▶ **WHAT TO DO**:
The entire listing, reproduced exactly and stripped of images, is the expected output.

▶ **SOURCE DATA**:
++++++++++
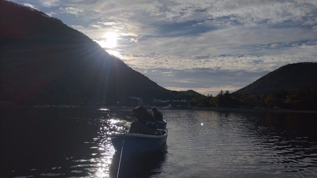 ★穏やかな朝、午前中は晴れて湖上ボートから見る湖畔紅葉景色が綺麗でした。魚影はあっても渋い感じ、エサ交換とゆっくり誘い続け釣果を伸ばしましょう。ご利用頂いた皆様ありがとうございました🙇皆様のご来店をお待ちしております。(青木旅館、青木別館)
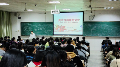 “同学们,在中国历史教材上还记得哪些经典革命历史题材油画?”2021年4月25日晚7点在西校区外语楼402,公司团委书记唐升老师以提问的形式开始了“学党史、强信念、跟党走”主题党史学习讲座,在座的17-20级员工党员、预备党员和入党积极分子纷纷回答了老师的提问。
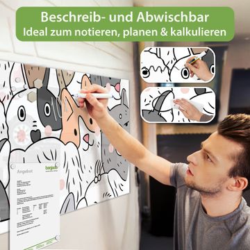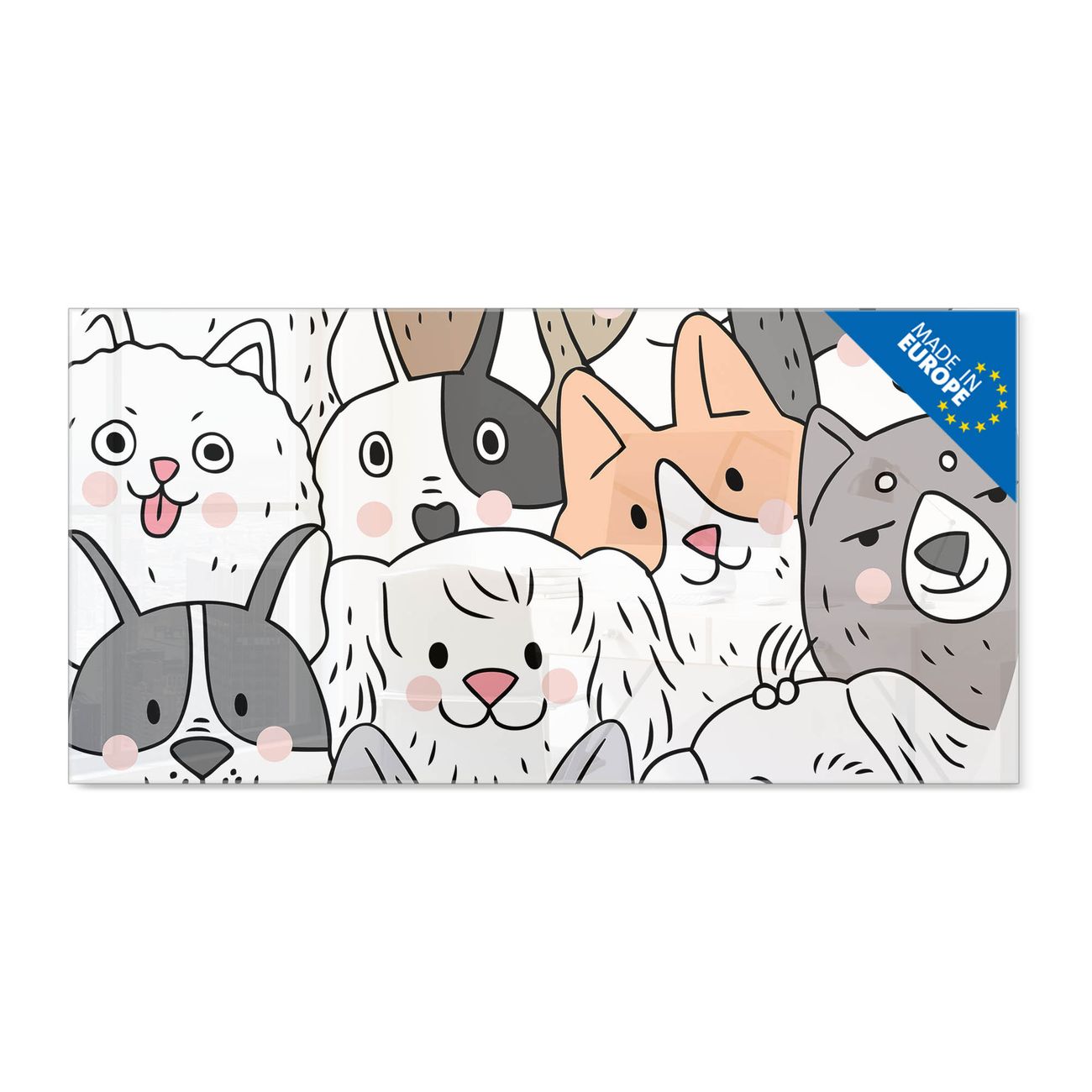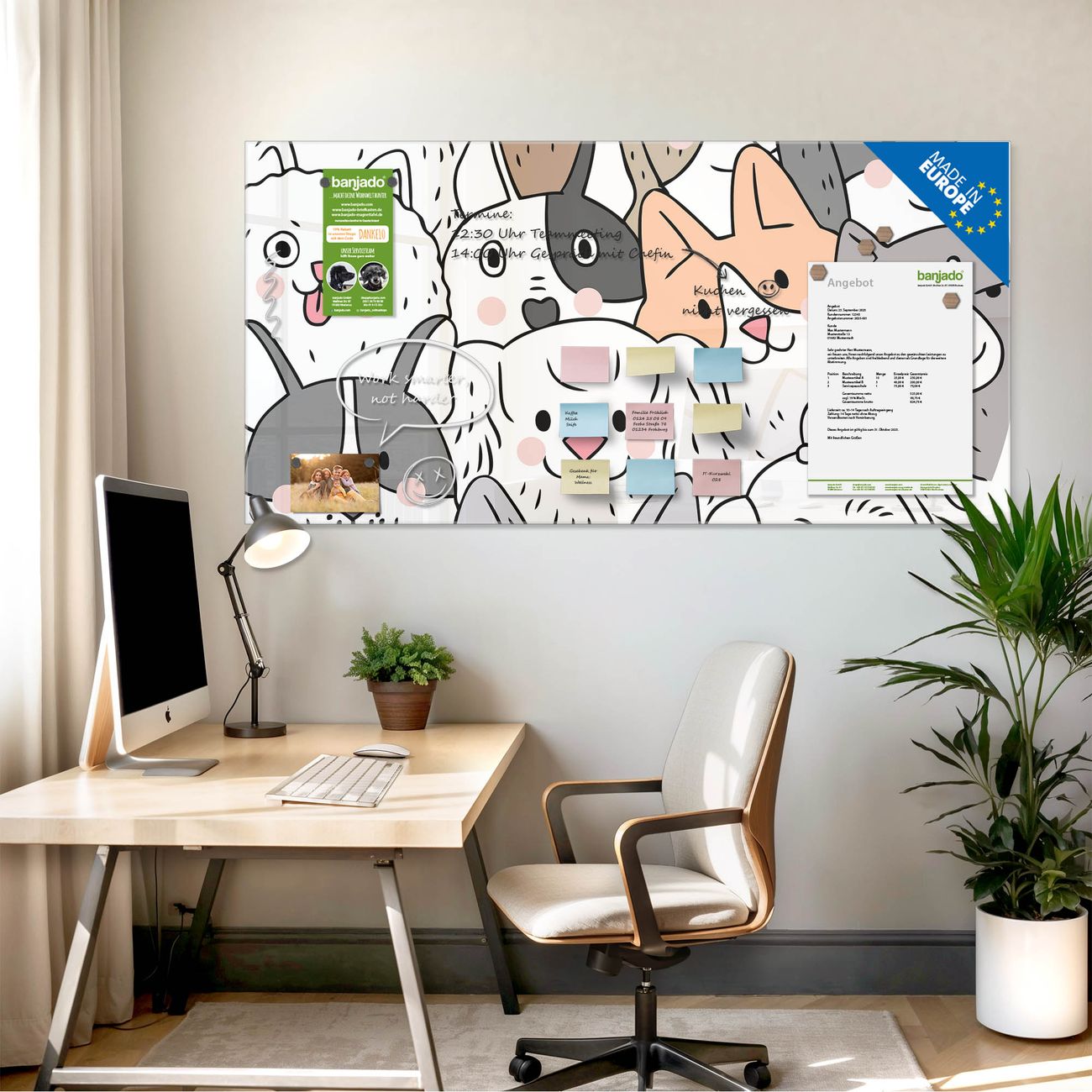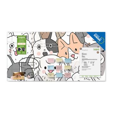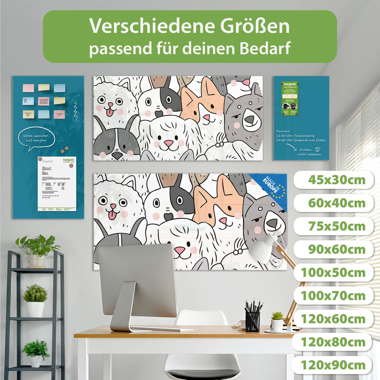 Material: 4mm Sicherheitsglas mit Metallrückwand Eigenschaften: beschreibbar, magnetisch, kratzfest Maße: 100x50x0,6cm, 7,50kg schwer Motiv Nummer 13430 Hundefreunde Zubehör: inklusive 4 Neodym-Magnete
++++++++++
▶ **THE ANSWER**:
 ★穏やかな朝、午前中は晴れて湖上ボートから見る湖畔紅葉景色が綺麗でした。魚影はあっても渋い感じ、エサ交換とゆっくり誘い続け釣果を伸ばしましょう。ご利用頂いた皆様ありがとうございました🙇皆様のご来店をお待ちしております。(青木旅館、青木別館)
 “同学们,在中国历史教材上还记得哪些经典革命历史题材油画?”2021年4月25日晚7点在西校区外语楼402,公司团委书记唐升老师以提问的形式开始了“学党史、强信念、跟党走”主题党史学习讲座,在座的17-20级员工党员、预备党员和入党积极分子纷纷回答了老师的提问。
 Material: 4mm Sicherheitsglas mit Metallrückwand Eigenschaften: beschreibbar, magnetisch, kratzfest Maße: 100x50x0,6cm, 7,50kg schwer Motiv Nummer 13430 Hundefreunde Zubehör: inklusive 4 Neodym-Magnete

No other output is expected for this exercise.